DATA PROVIDED:
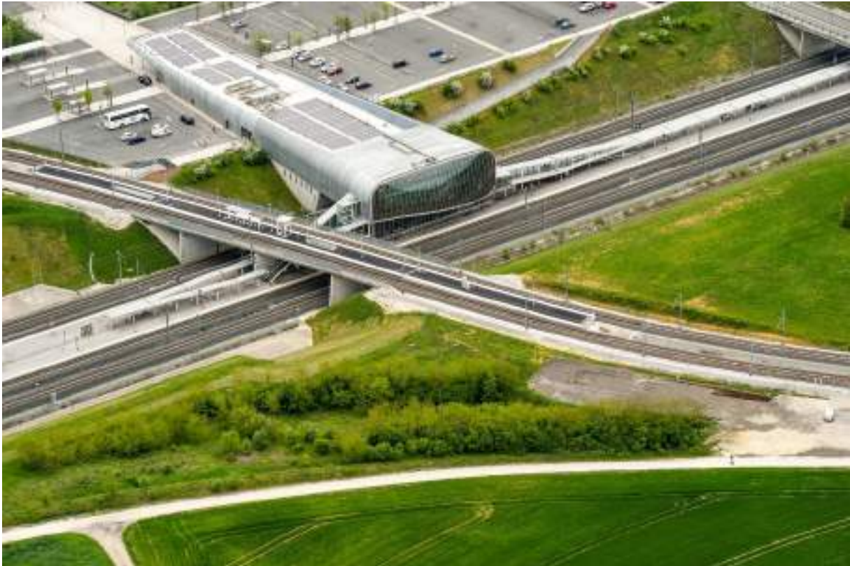
Gare de Belfort-Montbéliard TGV

La réouverture de la ligne Belfort-Delle aux voyageurs représente une réelle opportunité pour le territoire grâce à la connexion à la LGV Rhin-Rhône en gare de Belfort-Montbéliard TGV.
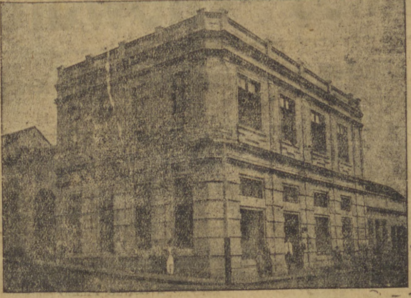
RUA 15 DE NOVEMBRO N. 37 ..... P. GROSSA

Sortimento das melhores marcas de relógio do mundo. Relógio de parede, carrilhões de 4-4, desperadores, relógios de bolso Omega, Cyma, Interna cional VWatch, Levis, Chronografo para tirar tempo de corridas. Vasto sortimento de relógios de pulso para homens e senhores para presente em aparelhos brilhantes, ouro e platina. Sortimento de artigos finos para chá, café, etc. Finas canetas tinteiro. Especialista em optica. Linhas das imagens de Sastos. Sortimento completo em alianças para prompta entrega. Officina de Relojoaria e Ourivesaria.
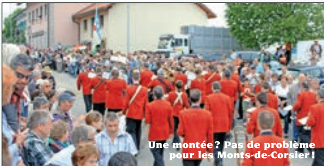
Une montée ? Pas de problème pour les Monts-de-Corsier !
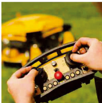
遠隔操作リモコン
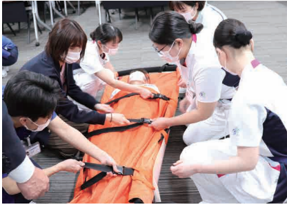
エアーストレッチャーの使い方
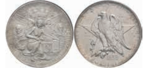
1197 1/2 Dollar, 1938, S, Texas, KM 167, NGC MS66. 200,—
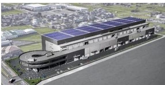
26 ロジスクエア一宮 2023年9月竣工予定
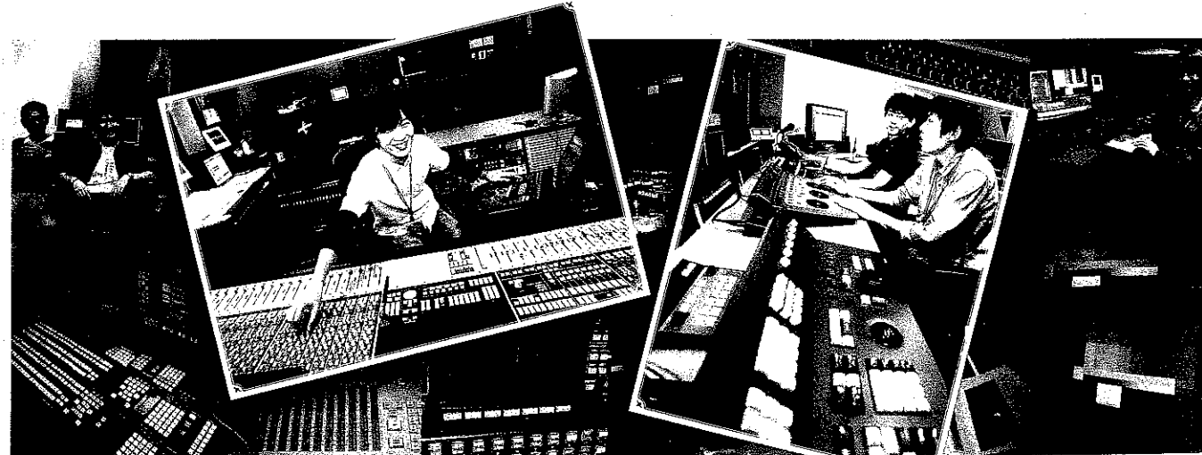
【撮影協力】(株)NHKメディアテクノロジー/(株)音響ハウス/(株)東京理研所/(株)ヒューマックスシネマ
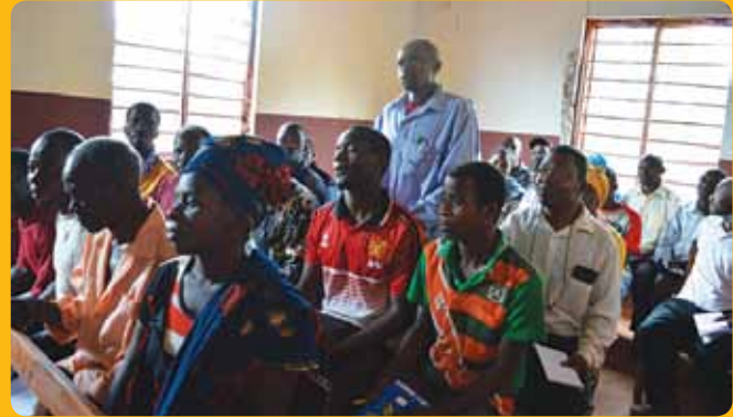
Washiriki wakifuatilia mafunzo kuhusu upatikanaji wa haki za ardhi iliyoandaliwa na MVIWATA

K wenye nchi ambayo karibu kasilimia 80 ya wananchi wanategemea kilimo kama njia ya kipato, ujuzi wa sera na sheria unahitajika kupewa kipaumbele kwenye mipango ya taifa.
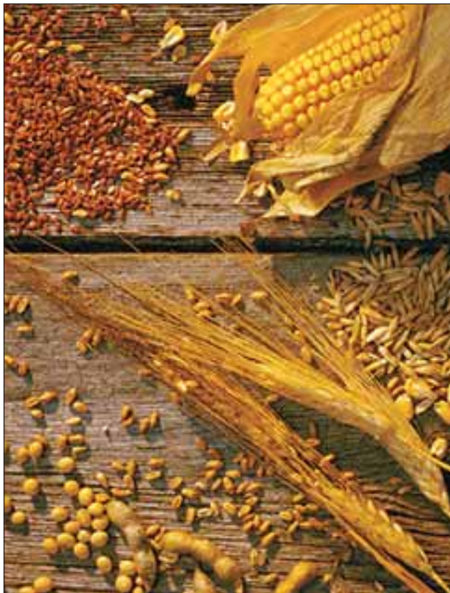
Продукты генной инженерии

Внедрение ГМ-культур, способных противостоять влиянию как старых, так и вновь разработанных химикатов, с одной стороны, позволяет увеличивать урожайность, с другой же — ставит сельхозпроизводителя в зависимость от поставщика, который, наряду с предложением ГМ-семян, навязывает клиенту соответствующий гербицид. Ясное дело, производитель ГМ-семян вырабатывает устойчивость растений лишь к тем веществам, которые сам и производит. В результате фирмы-производители ГМО и соответствующих им гербицидов утверждают на них свои лицензионные права и становятся глобальными монополистами на рынке производства продовольственных и технических культур.
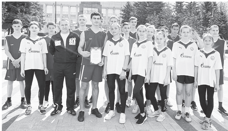
Команда Большелогской школы. / ФОТО Юлии Баландиной

На время проведения соревнований движение транспорта на данном участке было перекрыто. В 9:30 утра после торжественного построения школьники приготовились к старту.
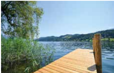
SEEBODEN 1080 / 3110
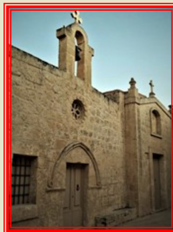
San Bażilju, Mqabba
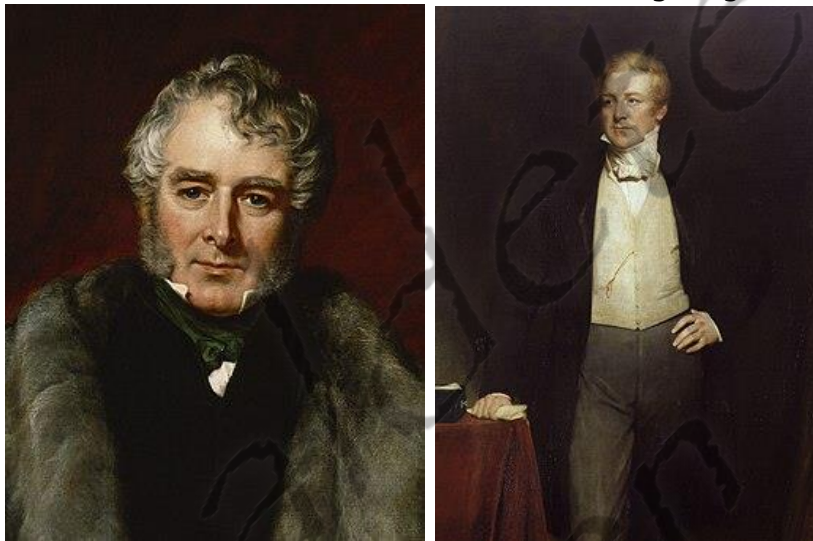
William Lamb & Robert Peel

De eigenlijke constitutionele macht ging door de veranderingen over van de koning naar het parlement. Willem was ook de laatste vorst die een minister-president benoemde tegen de wensen van het parlement in. De liberale William Lamb moest het veld ruimen en de conservatieve Tories vormden een regering onder Robert Peel.

ASSIGNMENT: Give again, exactly as written above, every line from the one holding "エアーストレッチャーの使い方" to the one holding "Washiriki wakifuatilia mafunzo", with both ends kept and the pictures left out.

REPLY TO THE TASK:
エアーストレッチャーの使い方
1197 1/2 Dollar, 1938, S, Texas, KM 167, NGC MS66. 200,—
26 ロジスクエア一宮 2023年9月竣工予定
【撮影協力】(株)NHKメディアテクノロジー/(株)音響ハウス/(株)東京理研所/(株)ヒューマックスシネマ
Washiriki wakifuatilia mafunzo kuhusu upatikanaji wa haki za ardhi iliyoandaliwa na MVIWATA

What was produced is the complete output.